History[edit | edit source]

Spoken word as it is known today did not evolve until the late 1980s and early 1990s with the emergence of "poetry slams," where spoken word artists would square off in cabaret-style duels.(Citation needed) This type of competitive slam poetry event has been popular in India for centuries.(Citation needed) In the United States, the competition of slam poetry probably arose from rap music and rapper competitions.(Citation needed) The common element is protest and a critical or corrective tone.(Citation needed) Nuyorican Poets Cafe in New York City is one of the earliest venues where poets could protest the ills of society.(Citation needed) Def Poetry on HBO became the most visible venue for slam-type protest poets, but the poets did not necessarily compete against each other for audience approval. Hip-hop is now commonly considered under the general genre of spoken word as shown in a recent article by Clare Morgan in the Sydney Morning Herald.[1]

Spoken Word was adopted by college circles in the early 1980s to describe a new wave of performing arts that was birthed during Postmodern Art Movement.
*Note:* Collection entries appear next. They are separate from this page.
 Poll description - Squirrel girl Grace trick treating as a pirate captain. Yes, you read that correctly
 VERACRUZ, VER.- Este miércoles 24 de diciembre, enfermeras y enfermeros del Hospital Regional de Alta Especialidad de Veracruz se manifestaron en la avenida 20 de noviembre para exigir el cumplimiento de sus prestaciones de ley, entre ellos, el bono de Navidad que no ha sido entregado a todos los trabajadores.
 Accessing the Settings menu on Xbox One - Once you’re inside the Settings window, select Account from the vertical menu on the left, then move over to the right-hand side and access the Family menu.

Spoken Word was basically a catchall phrase to describe anything that didn't fit into the already established categories of performance arts such as music, theatre, and dance.[2]

The Spoken Word movement in the 1980s is similar to the Beats in the 1960s. Spoken word and the Beats share a mutual lack of respect from the academic community, emphasis on poetry, and poems about consciousness and confession. The main difference is that spoken word is not recognized because it is not published. Many artists and poets have not published any of their works in book forms. Some use video and audio recording, the means used exclusivley by Hedwig Gorski, who rejected what she called the "dull-drums" of book publishing in the 1980s.[3] Also spoken word is part of the oral culture movement spreading literary expression to include all diversities, not just about the white male community as was the Beats in the 1960s.[4]
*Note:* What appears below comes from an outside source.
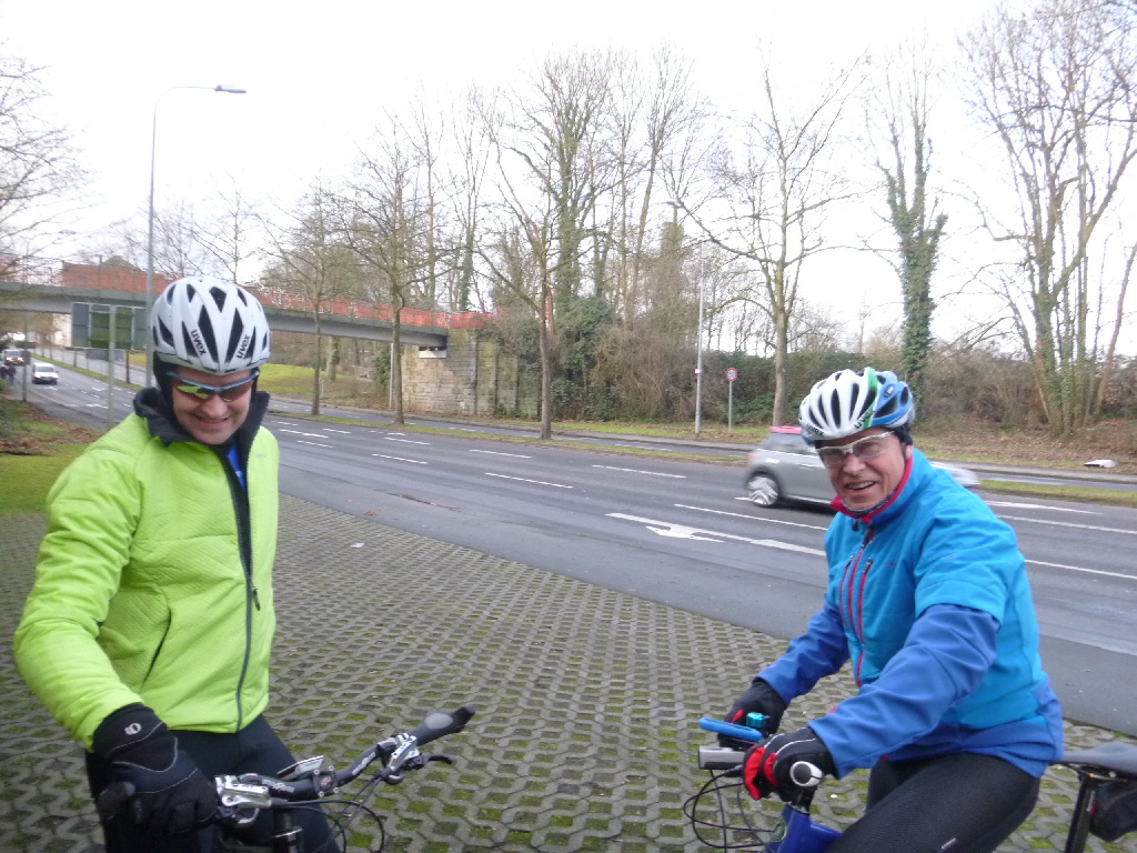 Marius hatte sich wieder angeschlossen und so waren wir zu Dritt. Thomas hatte am Freitag noch eine Bahn-Einheit zwischengeschoben und war etwas indisponiert, hielt aber tapfer durch. Richtung Auberg nach Kettwig und dann durch den Ratinger Wald waren wir gut unterwegs. In einer Mischung aus Waldwegen und ein paar Trails machten wir rund 40 km und da alle etwas in Zeitnot waren, fiel die Kaffeepause aus. Am Bahnübergang in Ratingen pflegten wir Kommunikation mit dem Stellwärter, der zuerst 3 Züge und dann uns und einem kleinen Bagger die Strecke freigab. Nach dem Entenfang war der Weg nach Hause fast im Schlaf zu finden. Nach der Radreinigung setzte der Regen ein – kalt und unangenehm – also prima Timing und für den Winter eine ideale Übungseinheit. km

Motivation[edit | edit source]

Since its inception, the spoken word has been an outlet for people to release their views outside the academic and institutional domains of the university and academic or small press. The spoken word, or slam poetry, evolved into the present day soap-box for people to express their views, emotions, life experiences or information. The views of spoken word artists encompass religion, politics, sex and gender. For example, Diane Ferlatte traveled from school to school using spoken word to tell children stories that were based on her experiences with racial injustice.[5] When talking about emotion, it depends. A spoken word piece can be powerful with the right emotion behind it but, at the same time, a lack of emotion can set a poem apart. It all depends on the topic. Life experiences are best, especially when the person has actually lived through the experience. Lastly, spoken word is used to inform or make people conscious of some aspect pertaining to life.[6]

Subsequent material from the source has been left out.